## Exercise materials
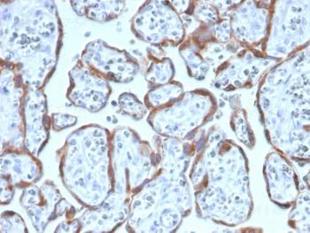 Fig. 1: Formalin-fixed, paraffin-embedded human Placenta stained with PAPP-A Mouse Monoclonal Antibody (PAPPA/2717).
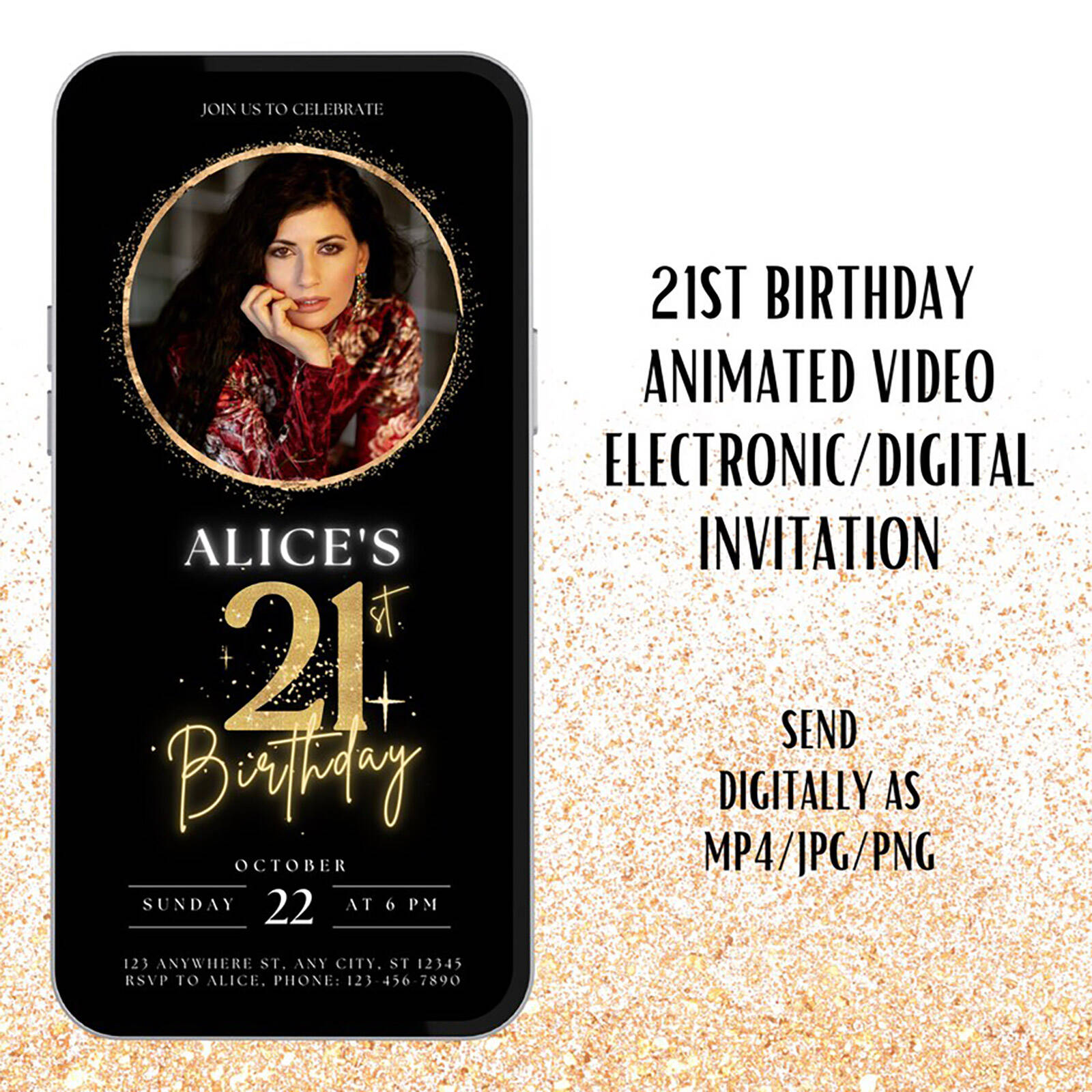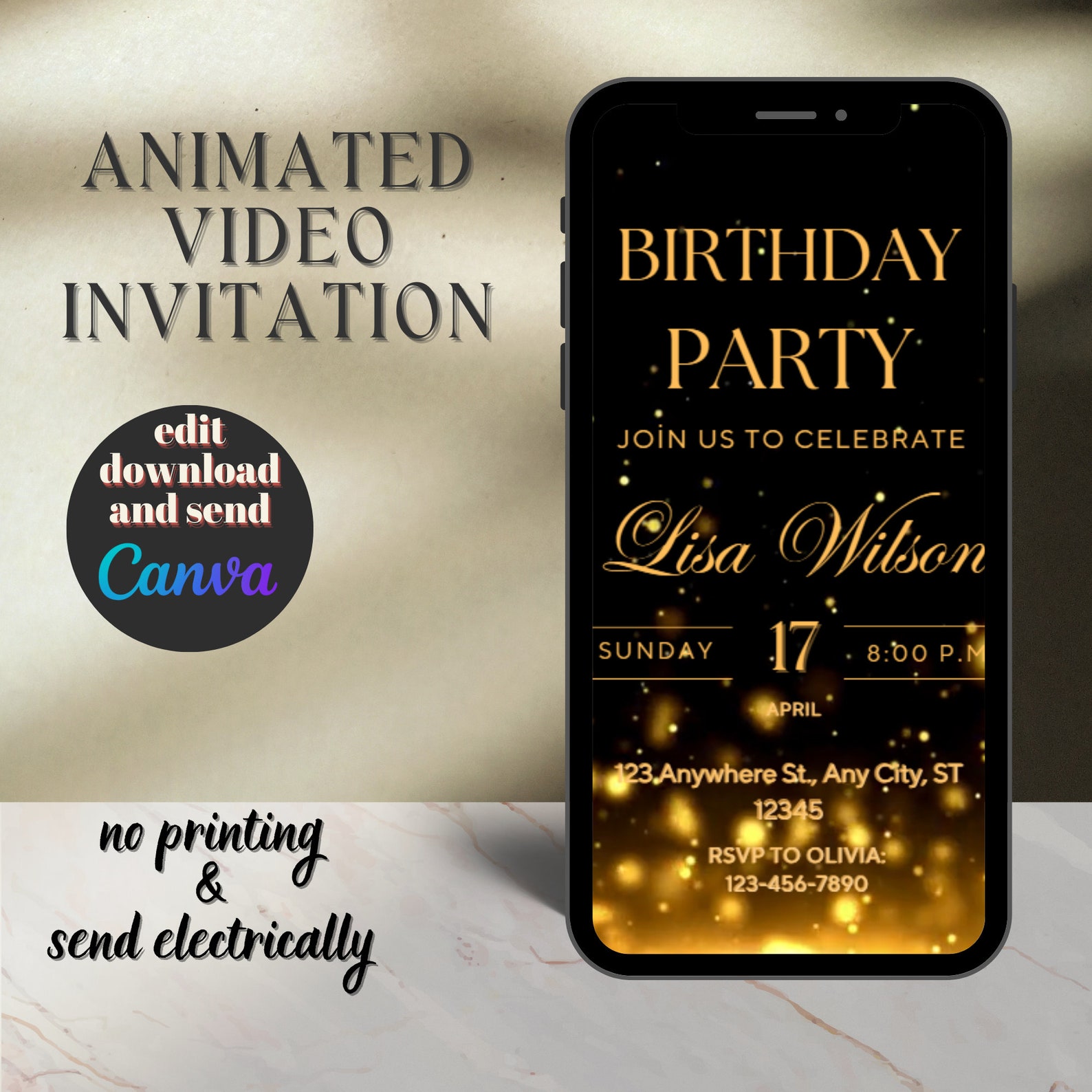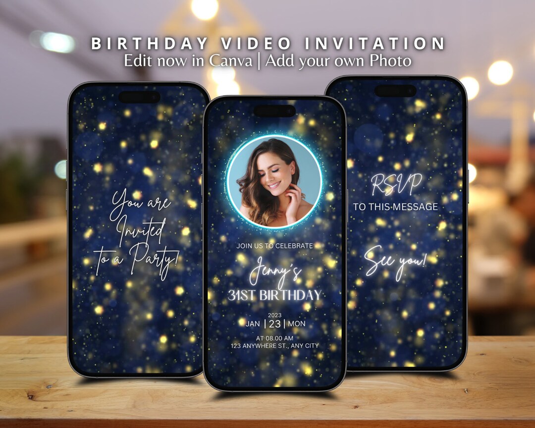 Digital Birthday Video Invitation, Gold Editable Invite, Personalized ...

* * *

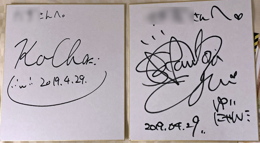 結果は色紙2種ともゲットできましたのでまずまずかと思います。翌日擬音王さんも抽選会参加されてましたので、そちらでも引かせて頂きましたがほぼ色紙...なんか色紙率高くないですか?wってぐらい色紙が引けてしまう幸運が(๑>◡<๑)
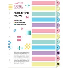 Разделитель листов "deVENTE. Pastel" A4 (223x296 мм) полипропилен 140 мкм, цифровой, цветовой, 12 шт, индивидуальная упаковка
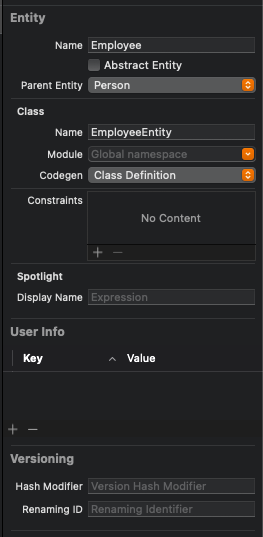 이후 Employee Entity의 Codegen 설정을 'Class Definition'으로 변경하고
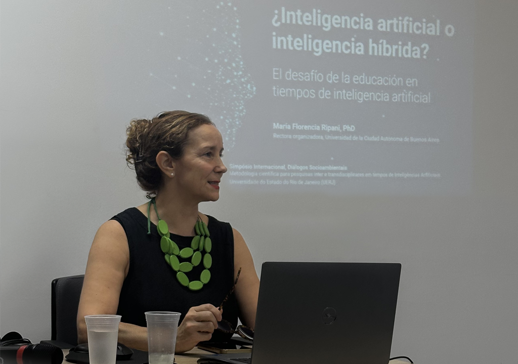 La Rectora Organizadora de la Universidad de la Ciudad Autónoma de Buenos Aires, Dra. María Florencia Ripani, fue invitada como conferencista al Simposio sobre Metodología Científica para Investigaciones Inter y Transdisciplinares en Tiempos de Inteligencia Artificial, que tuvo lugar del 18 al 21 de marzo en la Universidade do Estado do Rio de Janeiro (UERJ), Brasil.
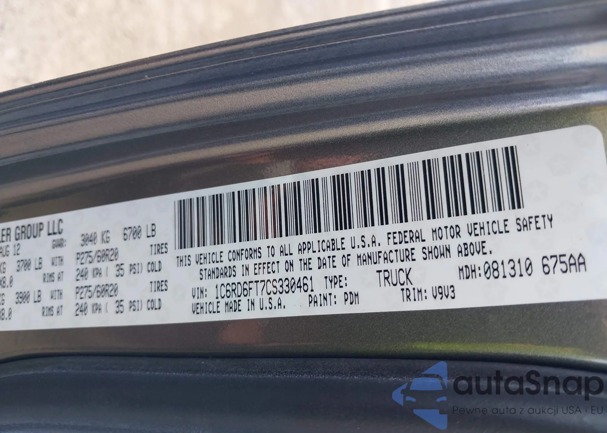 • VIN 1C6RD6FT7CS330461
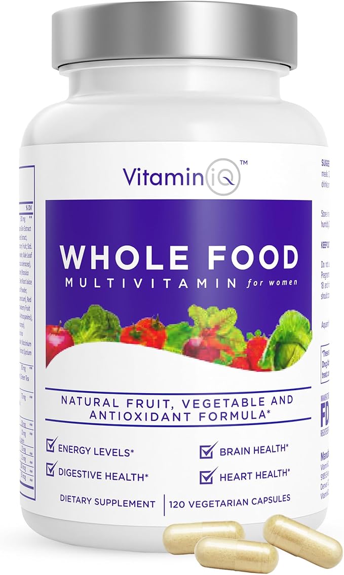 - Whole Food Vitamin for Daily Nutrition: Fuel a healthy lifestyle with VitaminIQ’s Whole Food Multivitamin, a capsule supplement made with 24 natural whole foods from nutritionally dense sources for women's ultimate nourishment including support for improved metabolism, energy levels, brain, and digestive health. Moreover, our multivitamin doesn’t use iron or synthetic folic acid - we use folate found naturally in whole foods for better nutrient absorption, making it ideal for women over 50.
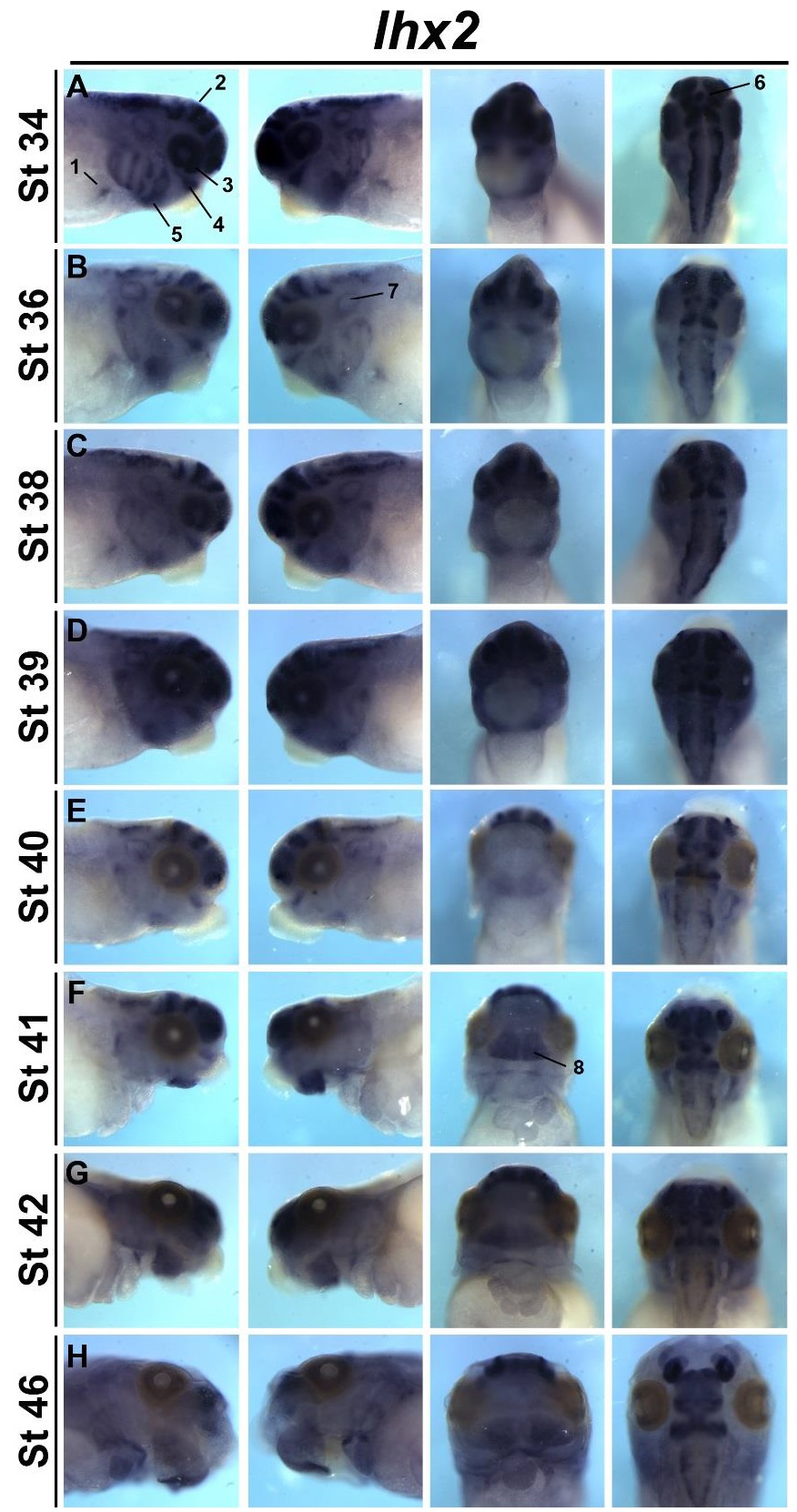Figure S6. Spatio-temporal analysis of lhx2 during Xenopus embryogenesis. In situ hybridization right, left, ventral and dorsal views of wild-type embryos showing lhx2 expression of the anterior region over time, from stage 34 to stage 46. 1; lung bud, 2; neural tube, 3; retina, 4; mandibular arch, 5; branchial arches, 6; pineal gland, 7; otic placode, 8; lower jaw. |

## Directions
Reproduce, exactly and only, the lines of the records above starting at the line with "結果は色紙2種ともゲットでき" and ending at the line with "Figure S6. Spatio-temporal", both included. Leave every picture out.

## Written response
 結果は色紙2種ともゲットできましたのでまずまずかと思います。翌日擬音王さんも抽選会参加されてましたので、そちらでも引かせて頂きましたがほぼ色紙...なんか色紙率高くないですか?wってぐらい色紙が引けてしまう幸運が(๑>◡<๑)
 Разделитель листов "deVENTE. Pastel" A4 (223x296 мм) полипропилен 140 мкм, цифровой, цветовой, 12 шт, индивидуальная упаковка
 이후 Employee Entity의 Codegen 설정을 'Class Definition'으로 변경하고
 La Rectora Organizadora de la Universidad de la Ciudad Autónoma de Buenos Aires, Dra. María Florencia Ripani, fue invitada como conferencista al Simposio sobre Metodología Científica para Investigaciones Inter y Transdisciplinares en Tiempos de Inteligencia Artificial, que tuvo lugar del 18 al 21 de marzo en la Universidade do Estado do Rio de Janeiro (UERJ), Brasil.
 • VIN 1C6RD6FT7CS330461
 - Whole Food Vitamin for Daily Nutrition: Fuel a healthy lifestyle with VitaminIQ’s Whole Food Multivitamin, a capsule supplement made with 24 natural whole foods from nutritionally dense sources for women's ultimate nourishment including support for improved metabolism, energy levels, brain, and digestive health. Moreover, our multivitamin doesn’t use iron or synthetic folic acid - we use folate found naturally in whole foods for better nutrient absorption, making it ideal for women over 50.
Figure S6. Spatio-temporal analysis of lhx2 during Xenopus embryogenesis. In situ hybridization right, left, ventral and dorsal views of wild-type embryos showing lhx2 expression of the anterior region over time, from stage 34 to stage 46. 1; lung bud, 2; neural tube, 3; retina, 4; mandibular arch, 5; branchial arches, 6; pineal gland, 7; otic placode, 8; lower jaw. |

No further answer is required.